Ken Livingston reached the pinnacle of his career in the years 2000-2008, when he served as mayor of London. Before that he served for many years as a member of Parliament and, later, as head of the Greater London Council. Now 71 years old, he’s one of the veteran figures in the Labour Party – he’s been an active member for 47 years – and has enjoyed wide respect and affection within its ranks, despite his tendency to defend radical Islam and insult Jews and Israel (a country he considers anathema). Thanks to his far-left views, he has long been known by the nickname “Red Ken.”

Naz Shah

But Red Ken is no longer every Labourite’s favorite socialist crank.
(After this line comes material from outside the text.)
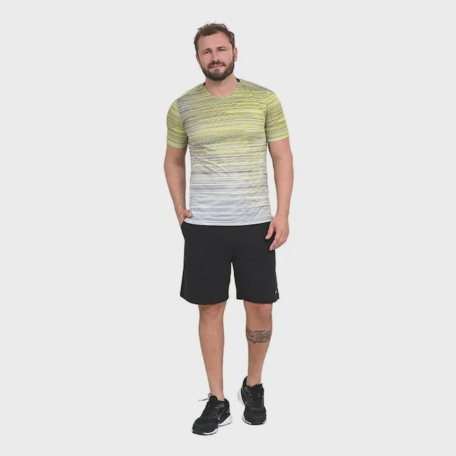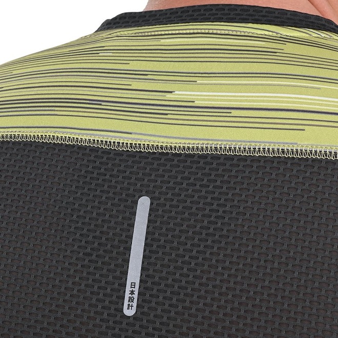 Camiseta feita com dois tipos de tecidos, frente com estampa exclusiva e costas em mesh, que proporcionam conforto e respirabilidade durante a corrida. Possui gola interrompida, bolso traseiro e abertura lateral. As costuras em flatlock que diminuem o atrito com o corpo. Logos refletivos.

In an interview with the BBC in April of last year, Livingstone stood up for Labour MP Naz Shah, who’d been suspended from the party for having written or reposted anti-Semitic material in Facebook. For example, she’d compared Israel to Nazi Germany and reposted a meme calling for Israel to be moved to the U.S. In her defense, Livingstone said: “Let’s remember, when Hitler won his election in 1932 his policy then was that Jews should be moved to Israel.” In other words, Hitler “was supporting Zionism.” Only later, according to Livingstone, did the Führer go “mad” and decide to exterminate the Jews of Europe.

Seen from one perspective, the former mayor’s remarks were nothing new: as Richard Ferrer put it in the New Statesman, Red Ken has “made gratuitously antagonising Jews into an art form.” While serving as mayor, for example, Livingstone played host to Islamic religious scholar Yusuf al-Qaradawi, for whom rabid Jew-hatred is an inextricable part of his theology.

Yusuf al-Qaradawi

Qaradawi, by the way, is also big on hating homosexuals, and when British gay-rights advocates protested Livingstone’s extremely gracious – in fact, downright friendly – treatment of Qaradawi, Livingstone shot back by calling them dirty Islamophobes. Yet even though Jews and gays tend to form an important part of the Labour Party base, especially in London, Livingstone somehow got away with all of this.
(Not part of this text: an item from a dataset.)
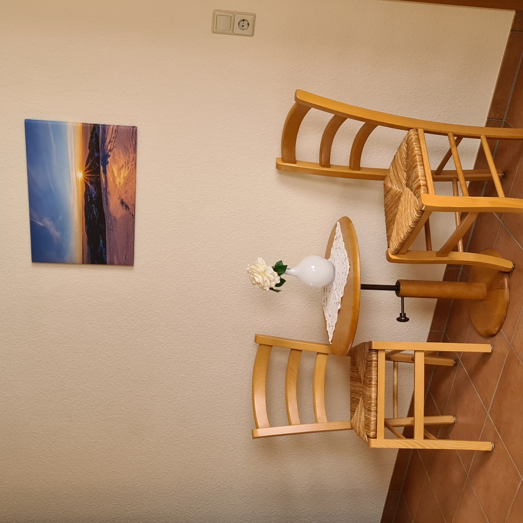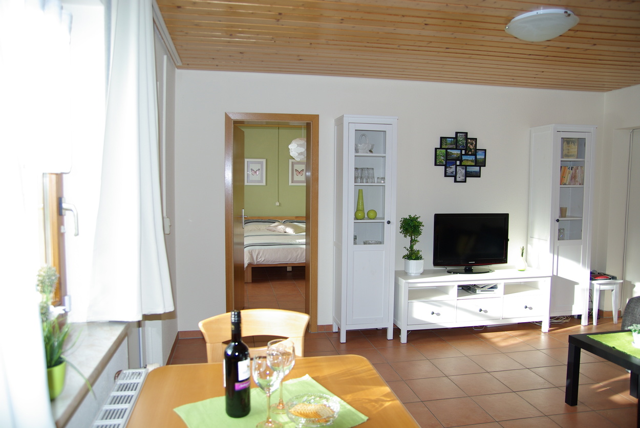 In unserem Haus erwartet Sie eine gemütliche Ferienwohnung im Parterre mit separatem Eingang und Fußbodenheizung für 2 Personen (auf Anfrage auch mit einem Kleinkind möglich, Zustellbett vorhanden). Ein Wohnzimmer mit Schlafcouch, sowie abgetrennter Kochecke, ein Schlafzimmer mit Doppelbett (160cm zwei Matratzen) und ein Duschbad.

He didn’t get away with his comments in defense of Naz Shah, however. Shortly after airing his curious rewrite of modern German history, Livingstone was fired from LBC (formerly the London Broadcasting Company), for which he had co-hosted a TV program for eight years. Not until this April did the Labour Party take up his case. After three days of deliberations, the party’s National Constitutional Committee declared his words about Jews “grossly detrimental,” but decided to suspend him from the party instead of expelling him outright. In the meantime, speaking to reporters, Livingstone made things even worse for himself, claiming that the Nazis had sold guns to Zionists before the war and that this amounted to a “real collaboration” between the two. When asked to apologize, he refused.

Livingstone in his Che/Corbyn t-shirt

After his suspension, Livingstone was photographed wearing a t-shirt bearing an imagine that combined features of Che Guevara and Labour Party leader Jeremy Corbyn – who, like Red Ken, is a radical socialist. It was unclear whether Livingstone, a fan of Che’s and a longtime ally of Corbyn, was trying to make a statement about Corbyn, who had criticized him for his remarks about Jews, or whether the shirt was just part of his ordinary casual wardrobe. Meanwhile, Prime Minister Theresa May, a member of the Conservative Party, said that Labour’s failure to dump Livingstone entirely amounted to a “betrayal” of Britain’s Jews. One hundred and seven of Labour’s own MPs, along with 47 Labourites in the House of Lords, agreed, signing on to a statement by the Jewish Labour Movement that criticized the committee’s decision to suspend rather than expel. And the Independent called his suspension “the mildest of rebukes for a 71-year-old who has no intention of running for office and describes himself as a ‘house husband.’”

These developments came at a bad time for Labour. Local elections will be held on May 4, and Labour’s prospects were already looking poor.